A linguistic distance matrix of language-family relationships was constructed by setting the Baltic-Slavic distance to 1 (these are the only two Indo-European families for which close genetic affinities are generally accepted, see ref. 1), all other distances between language families within a phylum to 2, and distances between language families belonging to different phyla to 4. Thus, language distances mostly contrast intraphylum and interphylum distances. A geographic distance matrix between all pairs of language families was computed from great-circle distances between subjectively chosen centers of language-family regions. Genetic distances were calculated by using frequency data for human blood antigens, enzymes, and proteins of 26 genetic systems, each for a different subset of 3369 localities across Europe. Because of the different spatial sampling for each genetic system, we computed genetic distances separately for each system. All localities were also assigned a language-family affiliation. The systems and the sources of the data are described elsewhere (5-7). Sample sizes range from 50 to many thousands of persons. Previous work (5) has shown that the simplest of these distances, that due to Prevosti et al. (8), provided essentially the same information as more elaborate formulations. It was, therefore, adopted here. To allow for possible bias due to different ranges of gene frequencies, we also standardized the distances. For each system we first calculated genetic distances for all pairs of localities and subsequently averaged over all locality pairs representing a particular pairwise combination of language families. This yielded, for a given system, an average genetic distance for each pair of language families. However, for some systems, we lacked localities to represent one or more language families and could not compute distances for certain pairwise combinations of language families.
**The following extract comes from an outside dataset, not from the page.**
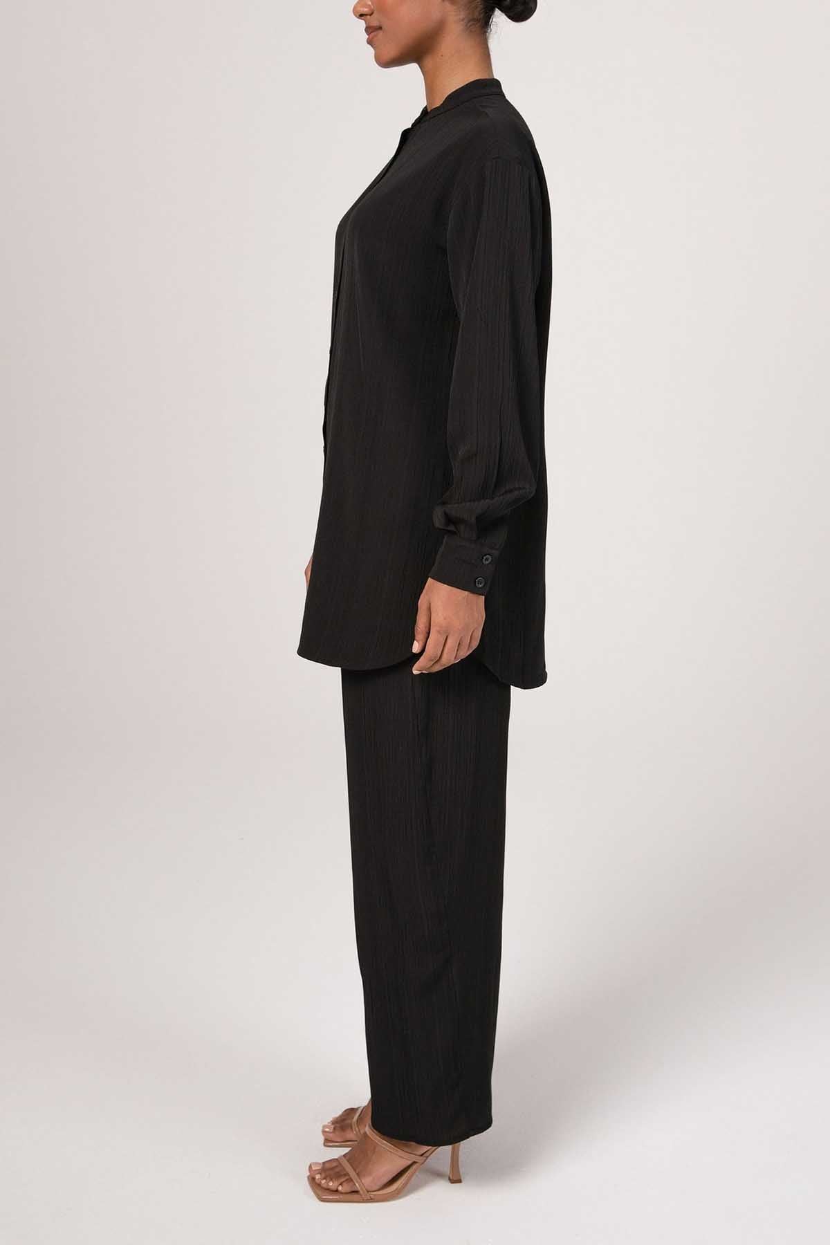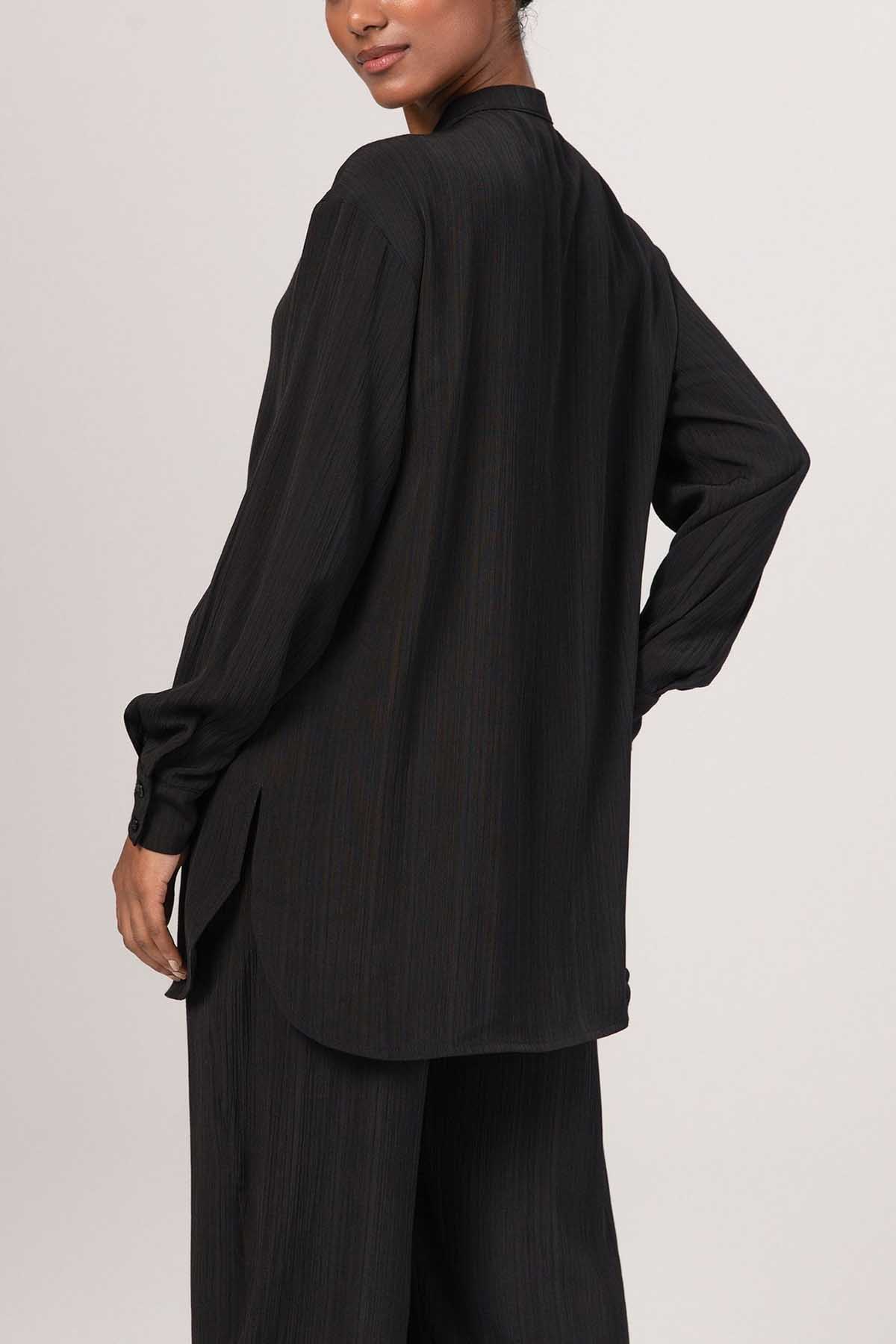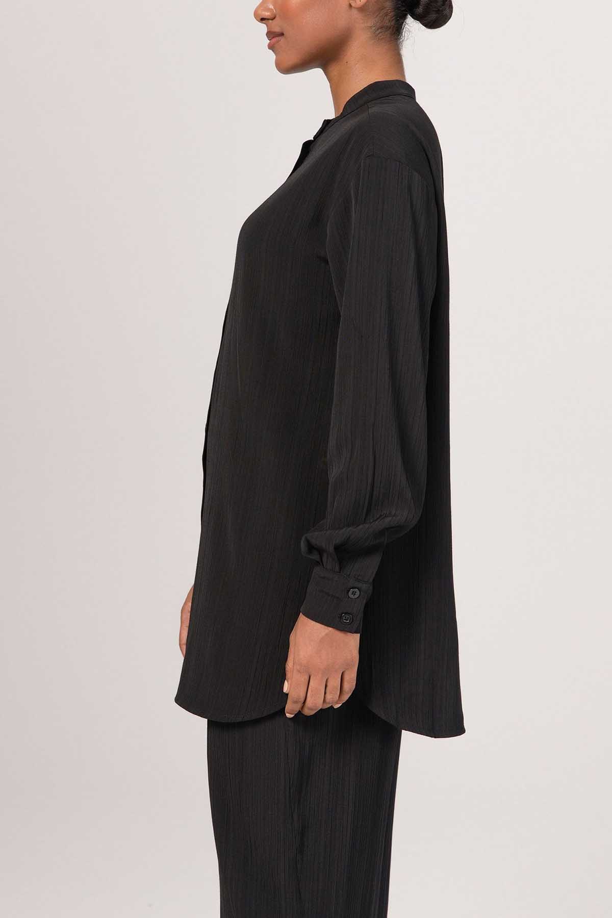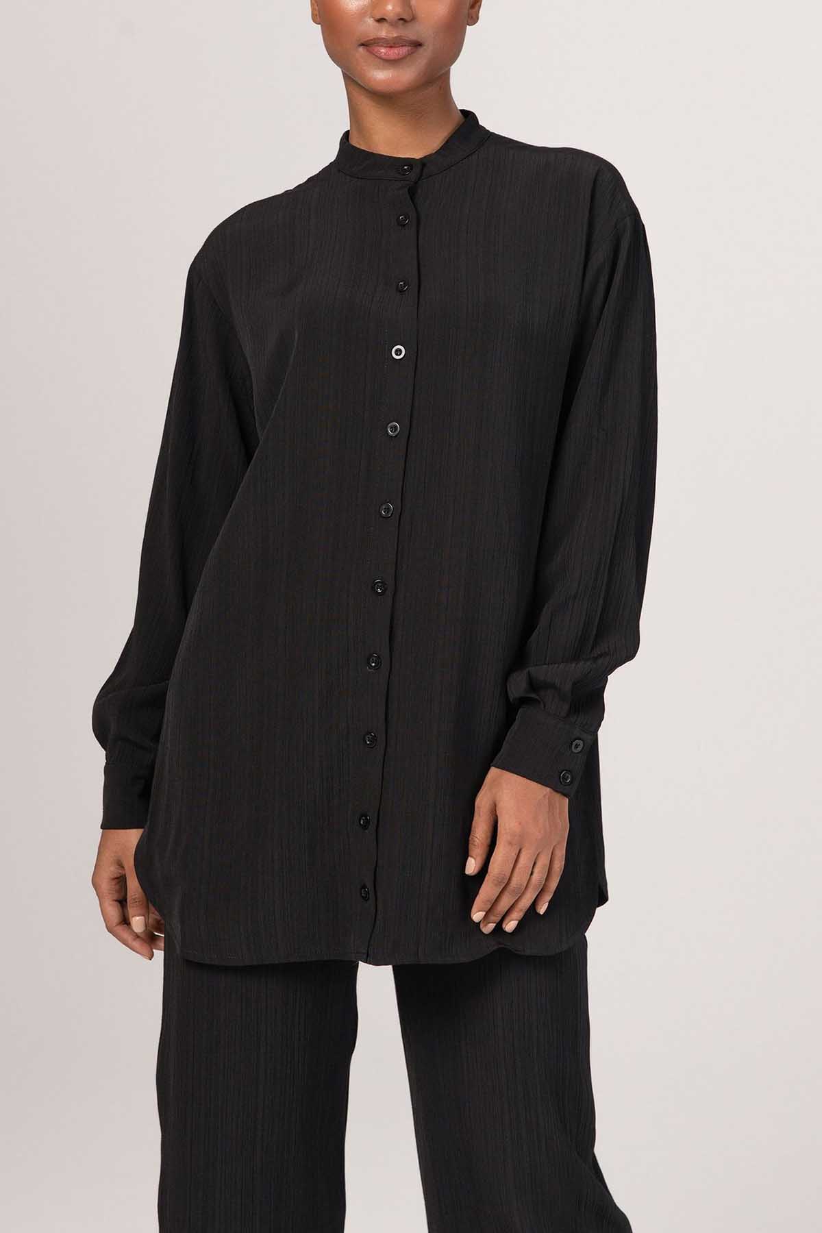 Nashwa Textured Rayon Button Down Tunic - Black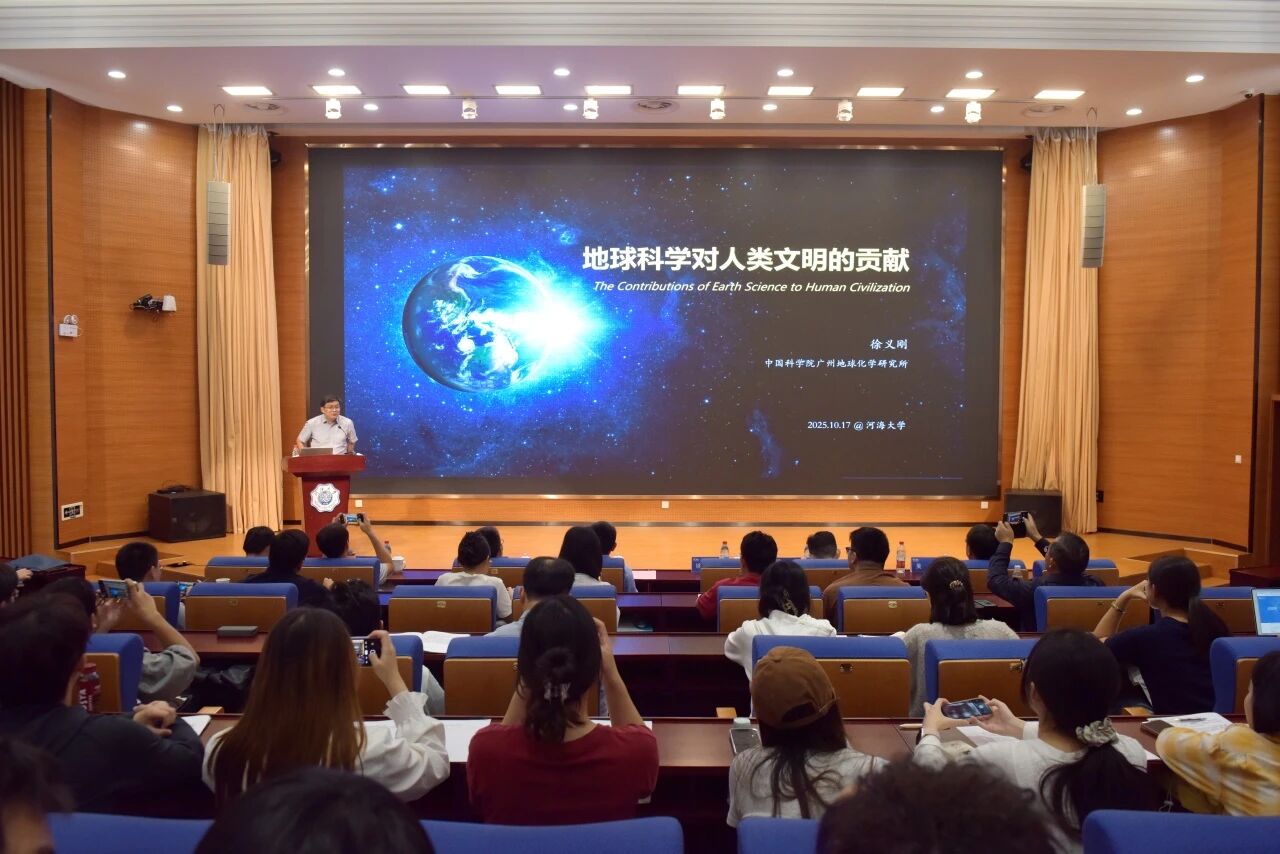 20251017日,国产偷拍 研究生高端讲堂暨庆祝国产偷拍 独立办学十周年院士讲座在国产偷拍 西康路校区科学会堂三楼报告厅举行。中国科学院广州地球化学研究所徐义刚院士受邀作题为《地球科学对人类文明的贡献》的学术报告,报告由国产偷拍 副校长宋翔洲主持。

This resulted in genetic distance matrices for some systems with missing values for some pairwise comparisons. Since different genetic systems are based on different sets of localities, the particular pairwise combinations missing in the genetic distance matrices vary among systems. The final genetic distance matrix (Table 1) was obtained by averaging over all systems....

...Congruence between genetic, linguistic, and geographic distances was tested for significance as described (5). Using methods of quadratic assignment (11), we calculated pairwise Mantel matrix correlations (12, 13) and investigated three way relations between the distance matrices by computing partial correlations (14). These correlations were tested for significance by Monte Carlo permutation methods. These computations were carried out by using the R package for multivariate data analysis (15).

RESULTS

Fig. 1 shows the hierarchic clustering of genetic distances for 9 language families. A Germanic-Celtic cluster is joined later by Romance, and a Slavic-Ugric cluster is joined by Turkic. Finnic, Basque, and Greek are outliers to these clusters. Including Albanian, Baltic, and Semitic in the analysis changes the phenogram by affiliating Greek with Albanian, Baltic with Turkic, and clustering Germanic-Celtic with Slavic-Ugric before adding Romance. Semitic, Basque, and Finnic are outliers to the clusters of 12 language families.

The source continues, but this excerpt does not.